Testing... 1... 2... Is this thing on? (Posted by Avi)

I wanted to kick off this new blog with a post describing the team, what we do, who we are, etc.

Internally, we're known as the "DDIT Web Team", as in "Developer Division IT Web Team". Developer Division IT is the group in DevDiv that encompasses the Build Lab, including all the cruft that's required to keep it up and running - build ops, build tools development, hardware maintenance, build testing, customer management, and the web team.

The Web Team consists of 4 full time employees (Aaron, Arturo, Paul and myself [Avi]) and 3 contract employees (Hatim, Viktor and Joe [joining us on Monday!]). All but me are developers - I'm what they often refer to as "overhead", or "comic relief" if they're being nice :)

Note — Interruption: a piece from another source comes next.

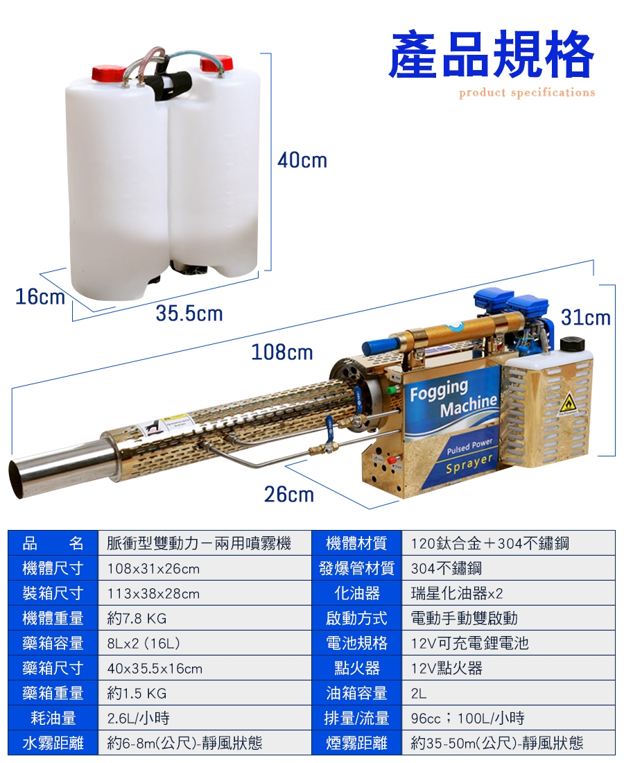 🔥水霧煙霧兩用,機身採用304不銹鋼+
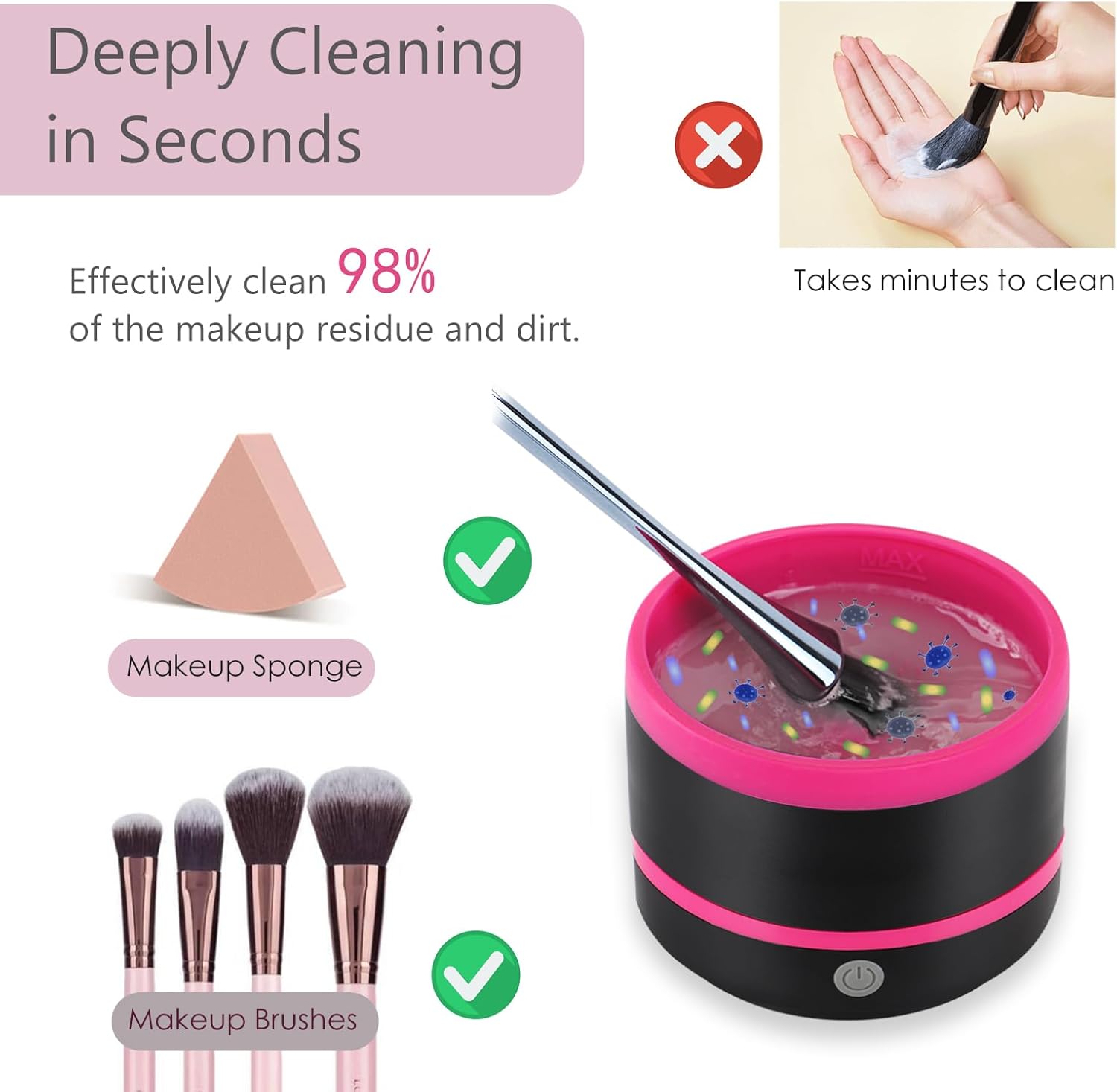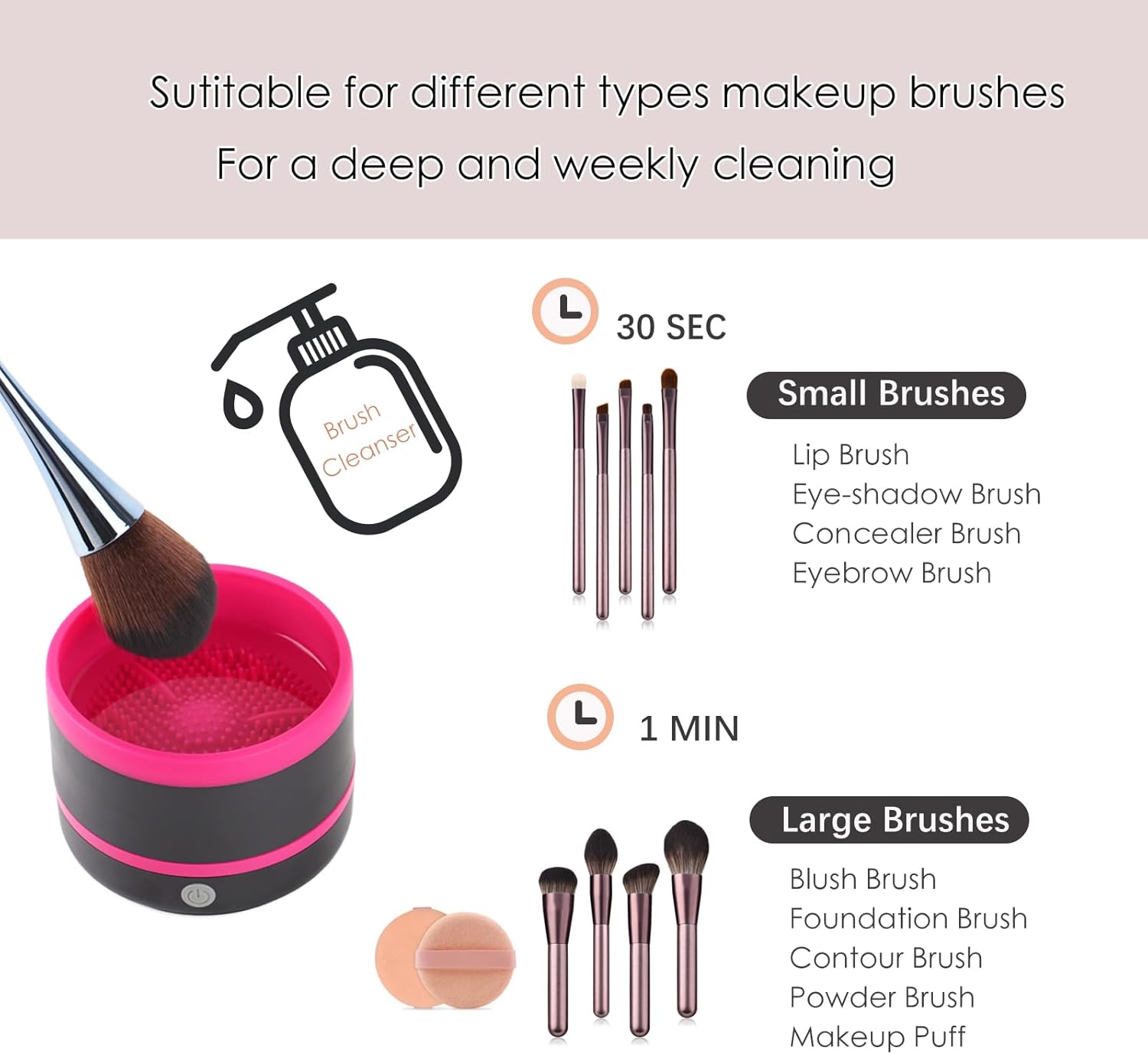 آلة تنظيف فرش المكياج الكهربائية DaizySight، أداة غسل فرش المكياج سريعة التنظيف، دوران سريع وتنظيف في ثوانٍ - أسود ووردي

We started out much smaller a few years ago. The lab was running maybe 2-3 builds per day, and was using an old clunky web page to report their status. Perhaps 20% of the time, the web page was wrong - causing the customers to ignore it completely and just call the lab for status. This was our first lesson: If a status site is ever wrong, it may as well be always wrong. If people don't trust it, they'll ignore it and get around it. So, our first order of business was rewriting the status site. We wrote it from scratch, designing it to be solid and to cater to the various type of customers we had… We've not looked back since.

In the past two years, the build lab has grown immensely! They're now doing an average of over 70 builds per day, generating over 1.5 TB (yes, that's a "T") of data each day. With that kind of size come problems that just don't exist at a smaller scale, and the web team has needed to grow in order to keep things running smoothly (although we haven't scaled to nearly the same degree ;)).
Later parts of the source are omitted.